Problem requirements: Beginning with the line containing "下記の祝日等において、クリー" and going on through the line containing "Carbon Fiber Steering", the lines below are to be returned exactly, pictures excluded and nothing added.

Supplied entries:
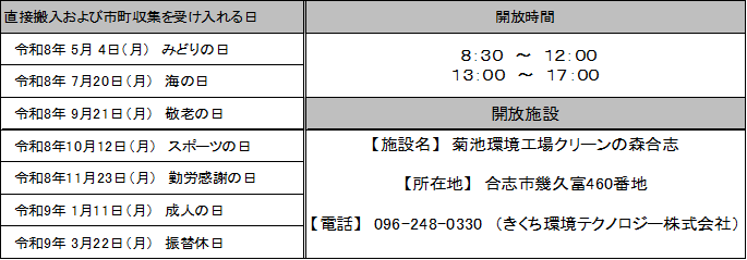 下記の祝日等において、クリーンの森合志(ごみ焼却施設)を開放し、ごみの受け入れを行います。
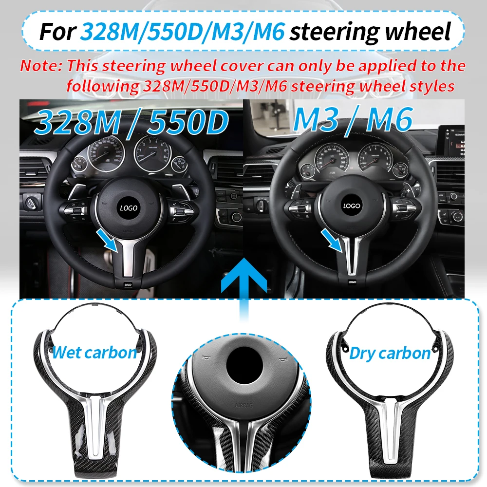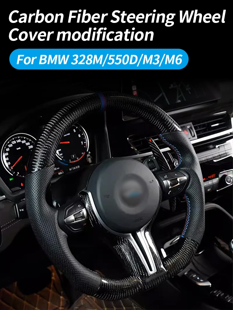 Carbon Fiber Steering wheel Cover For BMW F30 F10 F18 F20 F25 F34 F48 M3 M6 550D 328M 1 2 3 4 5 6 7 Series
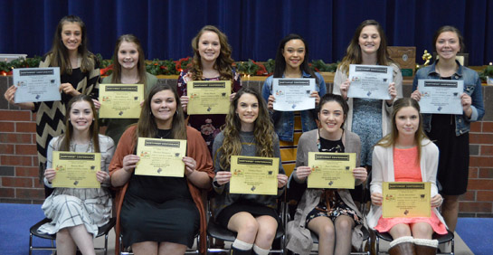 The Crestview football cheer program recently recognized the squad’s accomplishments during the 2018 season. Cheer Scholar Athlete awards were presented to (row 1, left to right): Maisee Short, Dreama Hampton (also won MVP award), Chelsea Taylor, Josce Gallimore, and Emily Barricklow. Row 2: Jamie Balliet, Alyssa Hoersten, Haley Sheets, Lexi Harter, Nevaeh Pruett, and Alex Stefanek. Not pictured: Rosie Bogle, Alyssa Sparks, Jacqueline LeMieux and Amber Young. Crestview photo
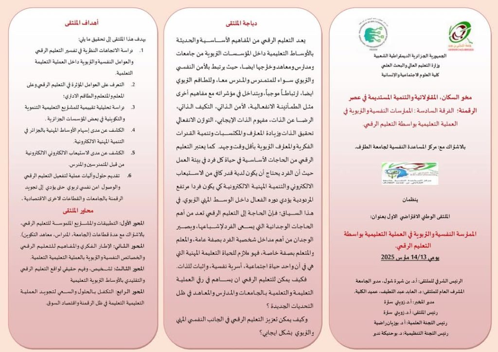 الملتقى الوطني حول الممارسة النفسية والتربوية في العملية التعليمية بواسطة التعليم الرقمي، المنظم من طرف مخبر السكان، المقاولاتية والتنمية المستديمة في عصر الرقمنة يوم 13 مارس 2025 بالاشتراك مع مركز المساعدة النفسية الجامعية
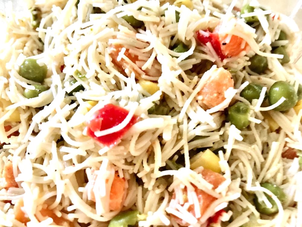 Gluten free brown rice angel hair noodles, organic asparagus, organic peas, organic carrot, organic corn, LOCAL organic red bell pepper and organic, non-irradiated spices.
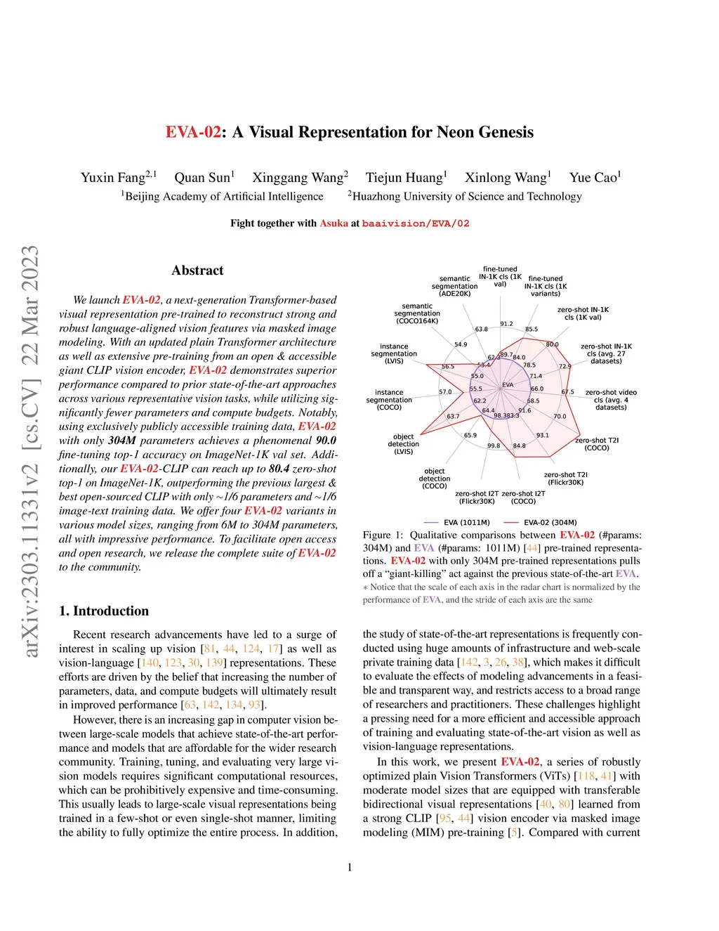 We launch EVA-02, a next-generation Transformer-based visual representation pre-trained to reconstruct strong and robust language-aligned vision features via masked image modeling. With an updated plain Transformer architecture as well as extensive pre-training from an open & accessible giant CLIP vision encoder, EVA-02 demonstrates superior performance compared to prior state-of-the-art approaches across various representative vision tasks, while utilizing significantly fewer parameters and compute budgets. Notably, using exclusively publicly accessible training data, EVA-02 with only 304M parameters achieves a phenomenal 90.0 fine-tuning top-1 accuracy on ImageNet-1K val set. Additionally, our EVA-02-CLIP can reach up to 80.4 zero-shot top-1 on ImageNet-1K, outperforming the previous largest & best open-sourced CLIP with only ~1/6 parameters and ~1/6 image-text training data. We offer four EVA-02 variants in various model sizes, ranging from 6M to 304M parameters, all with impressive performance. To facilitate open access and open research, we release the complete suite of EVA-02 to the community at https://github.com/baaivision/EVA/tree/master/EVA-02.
==
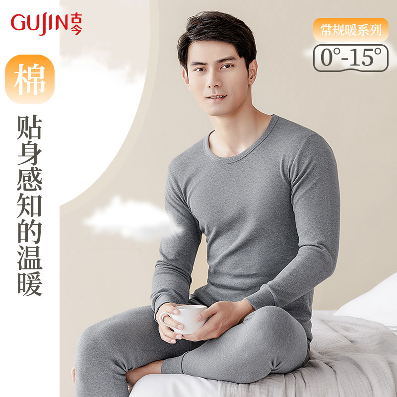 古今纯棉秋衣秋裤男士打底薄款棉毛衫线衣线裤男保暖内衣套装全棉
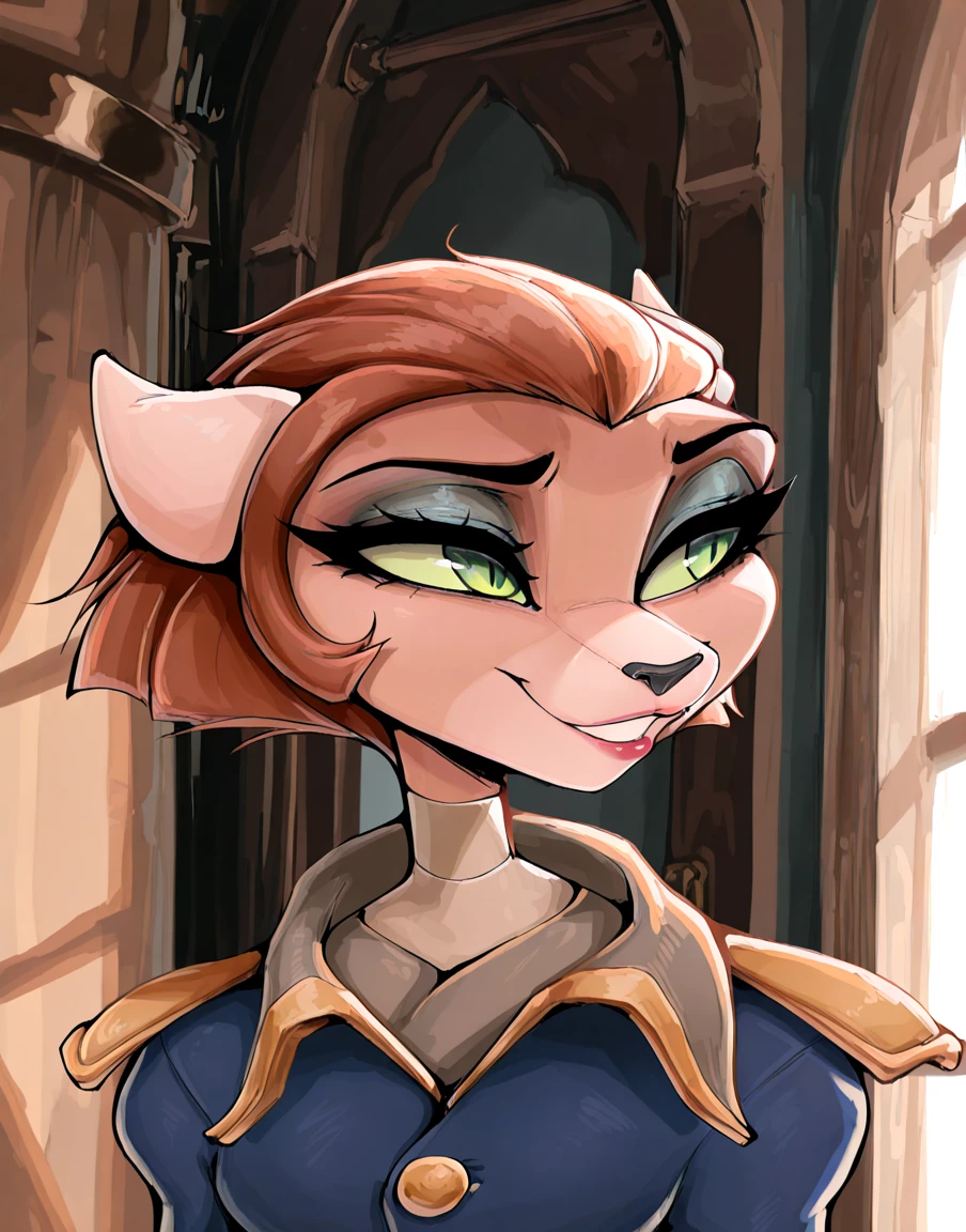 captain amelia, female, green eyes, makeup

Solution:
 下記の祝日等において、クリーンの森合志(ごみ焼却施設)を開放し、ごみの受け入れを行います。
 Carbon Fiber Steering wheel Cover For BMW F30 F10 F18 F20 F25 F34 F48 M3 M6 550D 328M 1 2 3 4 5 6 7 Series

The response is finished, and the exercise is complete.